Start by creating an AI Agent component type with the properties that matter for governance:
- Model and provider - claude-opus-4-8, GPT, in-house, etc.
- Owner - the team on the hook when it misbehaves
- Purpose - what job it actually does
- Autonomy level - read-only, human-in-the-loop, or fully autonomous
- Upstream dependencies - the tools, APIs, and services it calls
- Environment - dev, staging, production
Now every agent lives in the same catalog as the services it depends on, with an owner, a scorecard, and a place in your dependency graph.

Populate it automatically with a custom integration
Hand-maintaining this list would defeat the purpose - agents change too fast. Instead, use a custom integration to push agents into OpsLevel programmatically.
Wherever your agents are registered - an internal platform, a config repo, a model gateway, or an orchestration framework - write a small sync job that hits the OpsLevel API and creates or updates a component per agent. Run it in CI or on a schedule. When a team ships a new agent, it shows up in the catalog automatically. When one is retired, it disappears. Your catalog stays honest without anyone doing manual bookkeeping.
What you get from the visibility
Once agents are in the catalog, the same capabilities you use to run services start working for your AI fleet:
- One inventory, org-wide. Answer "how many agents do we run, and what do they touch?" in seconds instead of a week of Slack archaeology.
- Clear ownership. Every agent maps to a team. No more orphaned bots.

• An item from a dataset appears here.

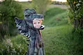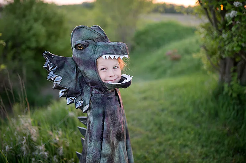 Dieser grün, grau und lila batikgefärbte Umhang ist mit einem schwarzen Futter versehen. Er ist mit grauen und lila metallischen Stacheln auf dem Rücken verziert. Der Dinosaurierkopf hat ein abnehmbares Mundstück für einen sicheren Sitz. Dieses Set besteht aus...

- Governance through scorecards. Write a "Responsible AI" rubric: every agent must declare its data sensitivity, have an owner, log its prompts, and pass a security review. Measure compliance across the whole org and watch it improve.
- Blast-radius awareness. Because agents sit in your dependency graph, you can see which services an agent depends on - and which agents break when a service goes down.

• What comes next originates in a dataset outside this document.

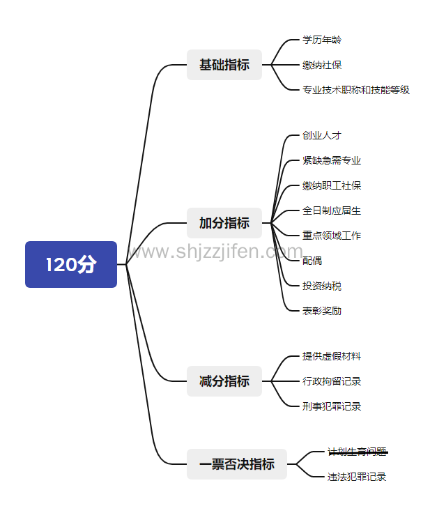 加分指标:创业人才、创新创业中介服务人才、紧缺急需专业、投资纳税或带动本地就业、缴纳职工社会保险费基数、特定的公共服务领域、远郊重点区域、全日制应届毕业生、表彰奖励、配偶为本市户籍人员等指标。

- Faster incident response. When an agent goes sideways, on-call knows the owner, the model, and the dependencies immediately.
Start small
You don't need a governance program to begin. Create the component type, sync in the agents you know about, and assign owners. The list itself is the insight - most teams are surprised by how many agents surface in the first pass.
AI agents are becoming a core part of how your organization runs. Treat them like the production software they are, and give yourself the visibility to manage them before the sprawl manages you.